This article made me think of how we should remember to try as hard as
possible to adjust for variation in writing skill. I also wonder whether we're
inherently biasing against people who are _slower_ writers.

------
ivan_ah
A very useful trick for copyediting and proofreading is to use a text-to-
speech tool. The default voice on Mac is quite good. I use it all the time to
proofread intros, and explanation sections in my books. For math-heavy or
code-blocks, it's not quite as good... but actually works OK for Python. See
[1] for how to setup a keyboard shortcut.

[1]
[https://docs.google.com/document/d/1mApa60zJA8rgEm6T6GF0yIem...](https://docs.google.com/document/d/1mApa60zJA8rgEm6T6GF0yIem8qpMmnaBFYOgV32gdMc/edit)

------
anticristi
I'm speaking from the perspective of non-native academic English speakers.

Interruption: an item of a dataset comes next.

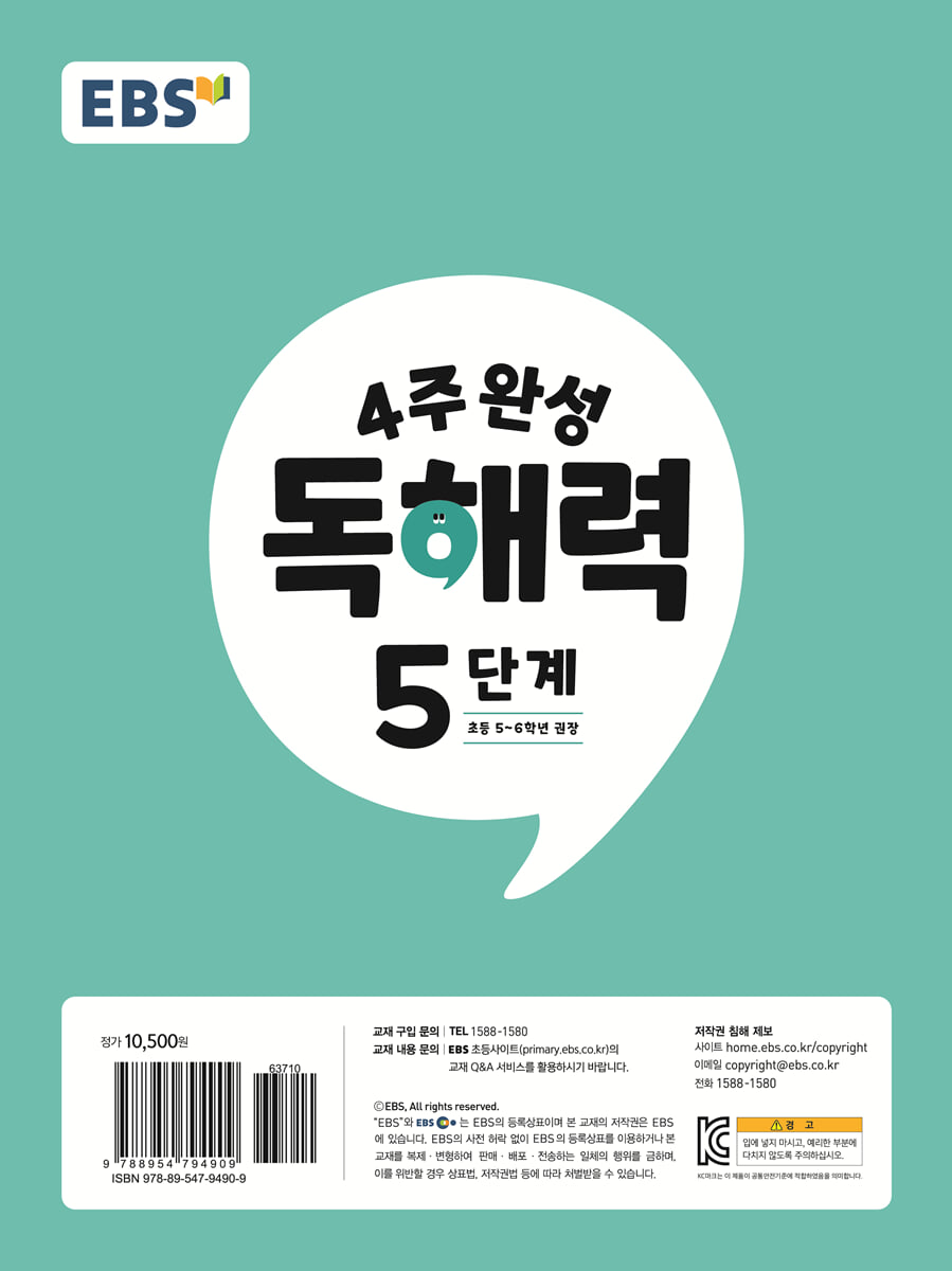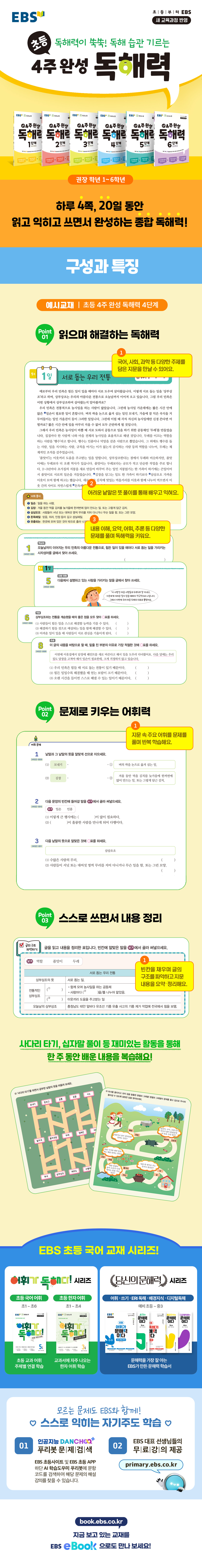 1일 국어 | 사이버 폭력, 멈춰! 2일 수학 | ‘미터(m)’의 발명 3일 사회 | 우리나라의 축제에 가 볼까요? 4일 과학 | 생긴 대로 살까, 환경에 맞춰 살까? 5일 미술 | 서민의 삶을 담은 그림, 민화 1주 마무리 학습 〈2주〉 1일 과학 | 수증기가 응결하여 생긴 이슬, 안개, 구름 2일 사회 | 독도의 자연환경과 생태계 3일 실과 | 로봇의 종류와 작동 원리 4일 사회 | 유교가 조선 시대에 미친 영향 5일 도덕 | 인권을 위해 노력한 인물들 2주 마무리 학습 〈3주〉 1일 국어 | 무엇이 궁금한가요? 2일 수학 | 통계(統計)가 필요한 순간 3일 사회 | 다양한 호칭에 얽힌 비밀 4일 과학 | 빛에도 종류가 있다고? 5일 음악 | 좋은 목소리로 노래하고 싶다면? 3주 마무리 학습 〈4주〉 1일 사회 | 일상생활 속에서 엿볼 수 있는 법 2일 과학 | 속력으로 알아보는 빠르기 비교 3일 도덕, 국어 | 다회용품에 대한 서로 다른 관점의 글 4일 음악 | 오케스트라에서 지휘자의 역할 5일 미술 | 주변의 것들이 예술이 되는 팝 아트 4주 마무리 학습 정답과 해설 |

I
find that my time and the time of my PhD students is better spent focusing on
the high-level problems. Once those are fixed, we rely on professional copy-
editing. Done!

------
jdnier
A favorite of mine is the book _BUGS in Writing_ , by Lyn Dupré (1998, Addison
Wesley). It's a teach-by-example book with lots of examples she rates as ugly,
bad, good, and even splendid.

------
jeffmcmahan
Just wanted to add a book recommendation for copy editing: "Revising Prose" by
Lanham. It was recommended by a respected philosopher when I was in undergrad.
Excellent.

------
mementomori
Modifying other people's code is kind of like a severe type of copyediting.

------
50
Is copy editing a viable career?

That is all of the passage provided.